At Grenoble, Pierre began to feel keenly the “abyss” of separation that stood between Christians and Muslims in Algeria. He wanted to return to Algeria having studied Arabic so that he could rediscover his homeland from the perspective of the people who had lived there first. But by the time he returned for good in 1967 as a professed Dominican and ordained priest, Pierre was himself a foreigner in his own country.
A Changed Land. The Algeria to which Claverie returned was starkly different. In 1962, Algerian independence had become official. Nearly a million Europeans, including a majority of Algeria’s Christians, had left for France. Churches were empty. French influence had disappeared from the streets. But Pierre’s zeal to understand the Algerian people without prejudice surpassed any discomfort he felt.
Several nights a week, he practiced Arabic conversation. Mastery of the language was freeing; it allowed him to invite Algerians to tea, to a weekend outing, or to an evening barbecue. In place of “Arabs” or “foreigners,” as he had previously thought of Muslims, “I discovered . . . human beings,” he later wrote. Claverie even enjoyed lively discussions with his dentist. “We talk about the Bible and Qur’an, messiah and prophecy, the Holy Spirit and spirit of Muhammed,” he told his parents. As he liked to say, relationships, always, everywhere, with everyone, became his mode of life.
These were years of growing responsibility for Claverie. He was asked to direct a center for language studies and frequently gave retreats and talks to the small but active Catholic religious communities in Algiers. He had adopted the Second Vatican Council’s approach to dialogue with non-Christians and found it a helpful pastoral approach in Algeria. “We do not own the truth,” he repeated. “It is the truth that takes hold of us and leads us to discover itself ever more deeply.”
In 1981, with popular support, Claverie was ordained Bishop of Oran, the diocese covering the northwest quadrant of Algeria. From the beginning of his ministry, he maintained his close friendships with Muslim imams and working-class Algerians. He joined them at birthdays and funerals, in good and bad times, and in pleasant casual conversations on street corners. In an interview given years later, Claverie said simply, “Are we evangelizing? Yes, in the sense that we propose the revelation that God is love.”
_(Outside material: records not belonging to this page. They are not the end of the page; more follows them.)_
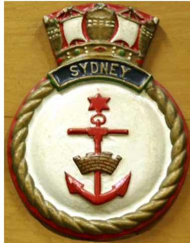
Figure 14 HMAS Sydney III – 1948 badge design with RN Naval Crown

Design 1 - as worn by Sydney II but with the addition of the RN naval crown and ships name scroll. (Figure 11)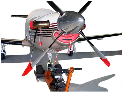
Pilatus PC-12 LARGE ENGINE INLET PLUG, SMALL PLUGS SET, Prop Tie/Exhaust Covers

water resistance, UV resistance and anti-static buildup. The inner lining is a very soft and smooth microfiber to prevent scratching. The material is very reflective, and tests show that the cabin interior temperature can be reduced to near-ambient temperature on the hottest of days. It is water, ice and snow repellent, yet breathable to allow moisture to escape from between the cover and the aircraft surface.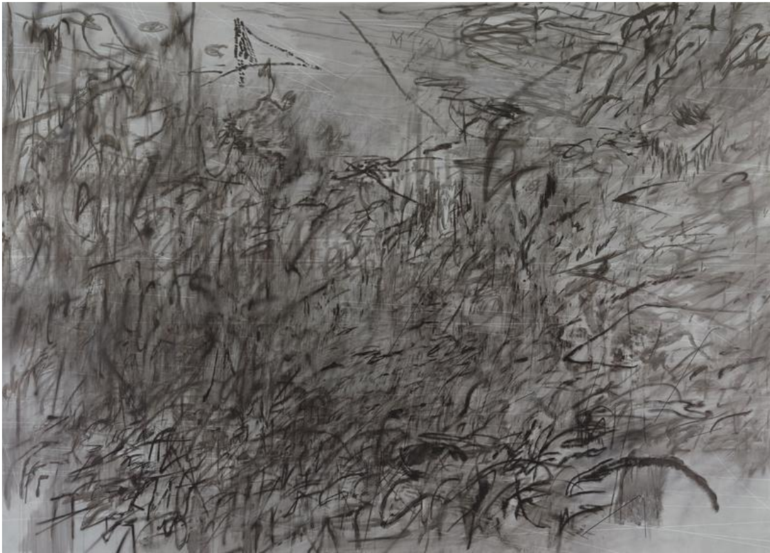
Invisible Sun (algorithm 7, spell form), 2015, by Julie Mehretu. Courtesy of the artist and Marian Goodman Gallery, New York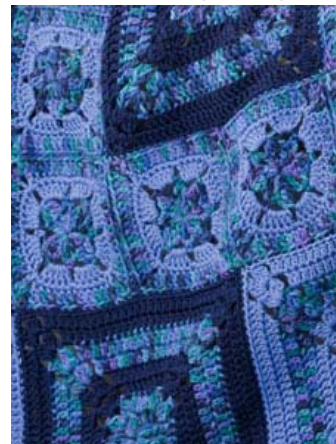
click to enlarge image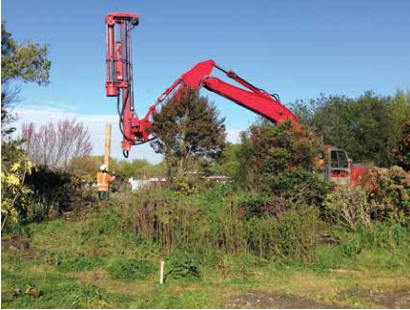
Left: Driven timber pole installation during the Ground Improvement Pilot Project using a pile-driver mounted on an excavator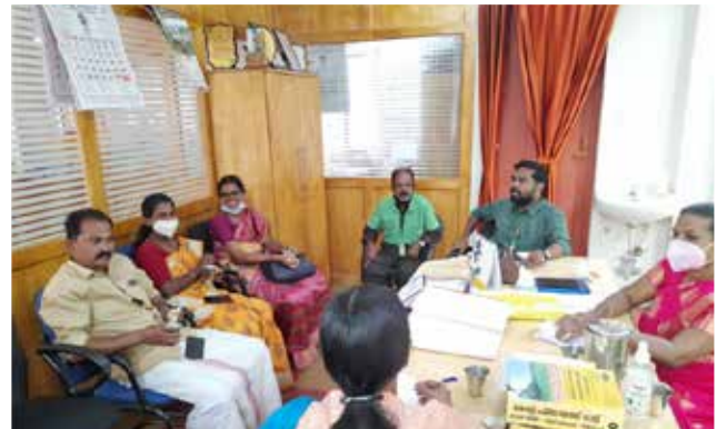
BMC Meet - Vilappil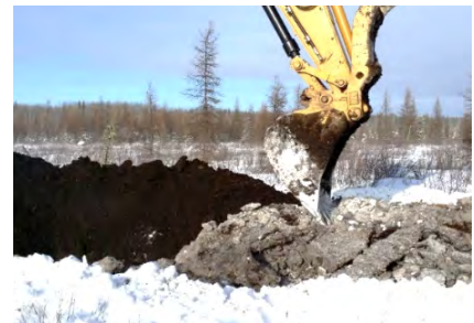
Figure 3. Stripping chips and piling of peat using a backhoe.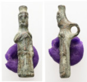
737 1.74 g 21.35 mm AE Ancient object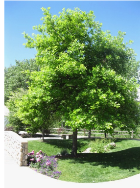
Swamp White Oak

Silver or Soft Maple Red Maple Serviceberry River Birch Hackberry Autumn Purple Ash Poplar Swamp White Oak Willow Arborvitae American Linden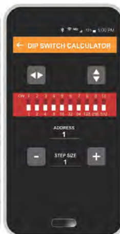
DIP Switch Calculator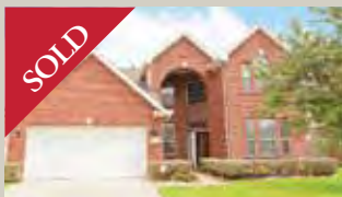
15219 Brown Eyed Susan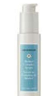
NATURIUM RETINOL COMPLEX SERUM, $33.99, SHOPPERSDRUGMART.CA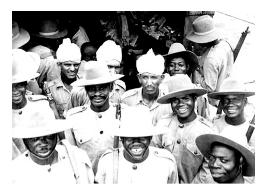
Figure 2. 81st West African Division and Indian Colonial Soldiers in Burma, 1943.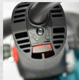
Visual performance monitoring as overload protection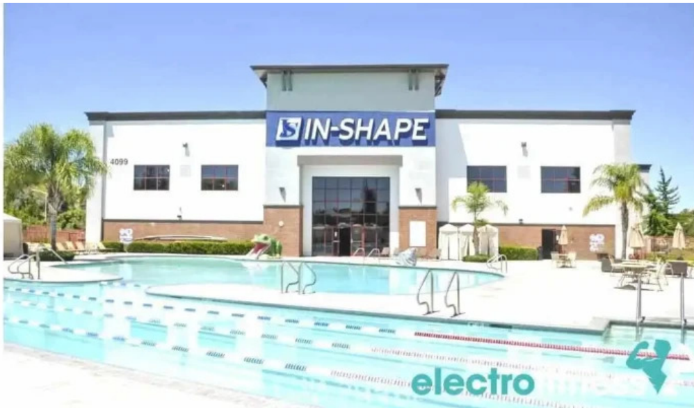
In shape fitness all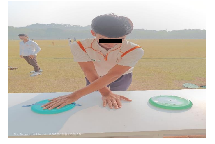
FIGURE 1) Evaluation of speed using plate tapping test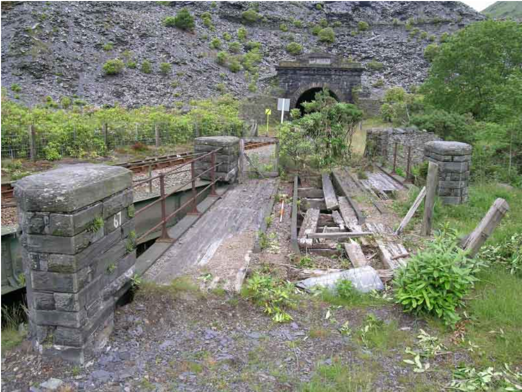
Plate 15 Bridge 67, general view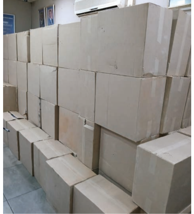
Dozens of boxes of illegal cigarettes which were confiscated by the police in a special crime intelligence operation on Friday.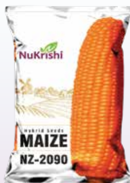
NZ-2090 Hybrid Maize Seeds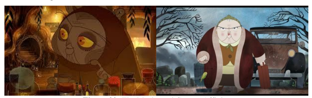
Figure 20: The Macha and Granny Affinity

Wells illuminates that it is desirable to "embrace the artifice and illusionism of animation, so that you are able to create 'plays within plays' or 'films within films' to condense your plot, but more importantly, to 'illuminate' a supposedly-known or taken-for-granted world, from a different perspective" (2006: 33). On the one hand, an affinity is drawn between the Owl Witch Macha - known in the Irish folk belief as "a presage of death" (Hógáin 57) and Mac Lir's mother. On the other hand, Granny looks like the Owl sharing the same facial features and expressions: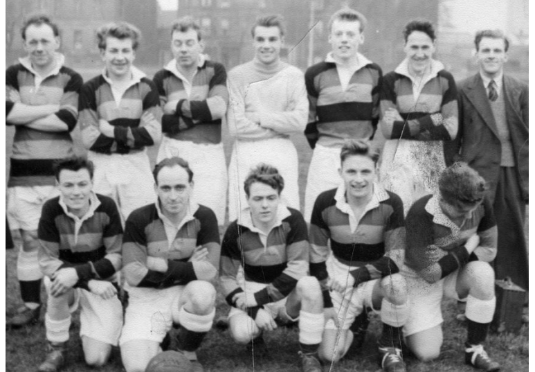
Henry Robbs Football Team in 1958.

A Meadowbank Thistle Football Cup programme for a match; Meadowbank Thistle versus East Fife in the B & Q Cup. This programme is from the collections for Edinburgh Museums and Galleries. 1992.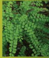
Adiantum x inaequalis TRACY'S MAIDENHAIR FERN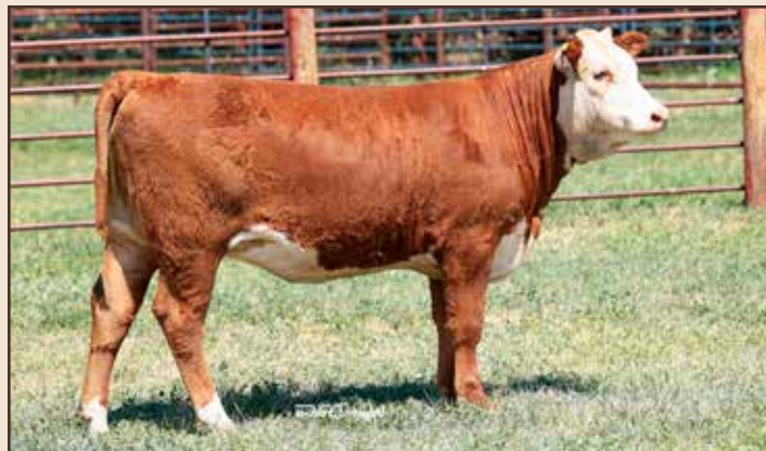
Lot 51 – HH MISS ADVANCE 2294K ET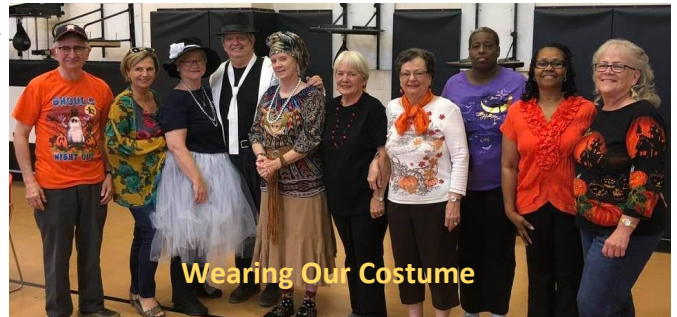
Wearing Our Costume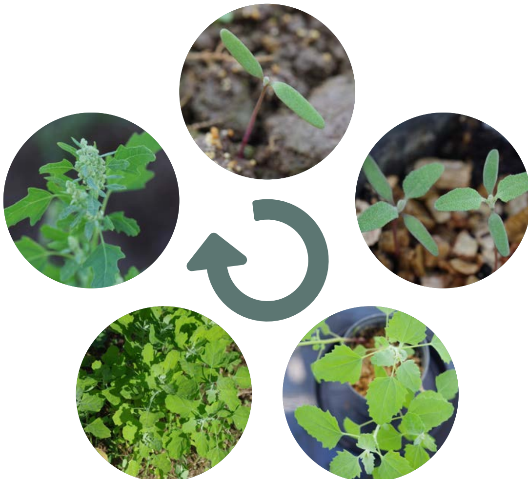
Figure 1 Life stages, from germination to flowering

Figure 1 includes a series of photos of fat hen at different life stages in order to facilitate correct identification on-farm, from a young seedling through to a mature flowering plant.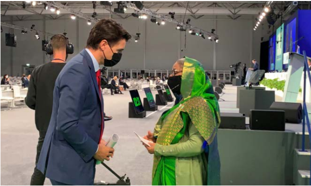
► Hon'ble Prime Minister and the Prime Minister of Canada Justin Trudeau interacting at the COP26 plenary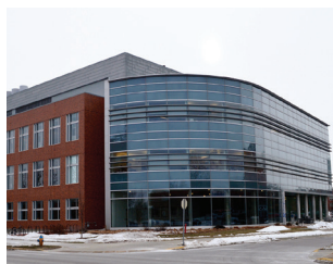
Iowa State University, Commissioning Agent of Record Since 2007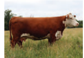
Delhawk E'Claire 98A ET - Dam

314K will be entered at the Royal and we would be happy to assist her new owner if they so chose.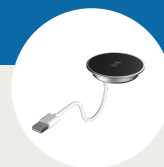
Charge - Wireless charger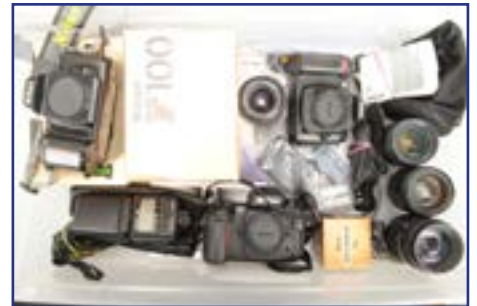
473. Nikon Cameras and Lenses , including, F100 body (boxed), F-601AF (boxed), D50, with leads, batteries, charger, Nikkor 70-200mm f/4-5.6 AF, 35-70mm f/2.8 AF, 35-70mm f/3.3-4.5 AF, 24-50mm f/3.3-4.5 AF lenses, SB-28 flash, extension ring and other items £120-180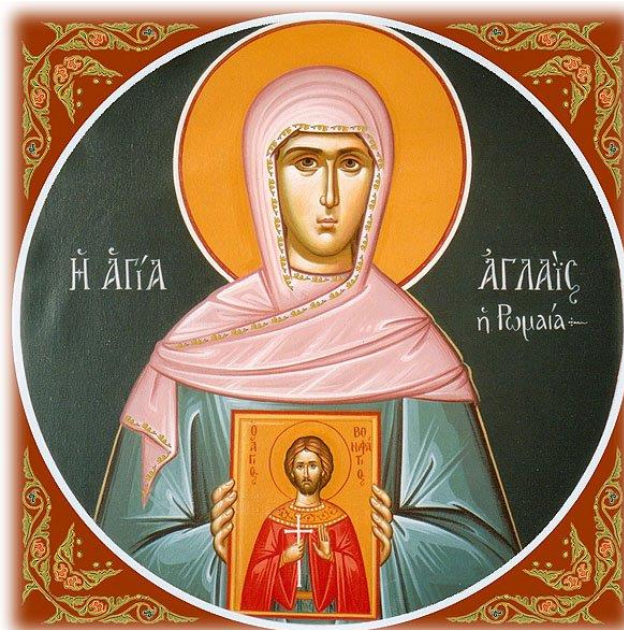
Aglaia the Righteous of Rome

The Nation Crumbles. Yet Bishop Claverie was aware of the vastly different worldviews held by Islam and Christianity. His approach to interreligious dialogue was not to minimize theological differences but to learn about them with openness. He did not want to be accused of a “new crusade” against Islam, nor could the church in Algeria afford to try to impose itself.
Religious intolerance was on the rise. As bishop of Oran, Claverie continuously emphasized the shared challenges that Catholics and Muslims faced as citizens of one nation. One obvious challenge was felt by everyone: Algeria was sinking into economic ruin.
Sixty percent of the population was under age twenty, and many young people had moved to cities where infrastructure was poor and unemployment high. Discontented with Algeria’s government, some of them turned to an Islamic extremist political party that had arisen in the eighties. Then in 1991, the extremist Algerians promoting a new “Islamic State” entered into a civil war with their government.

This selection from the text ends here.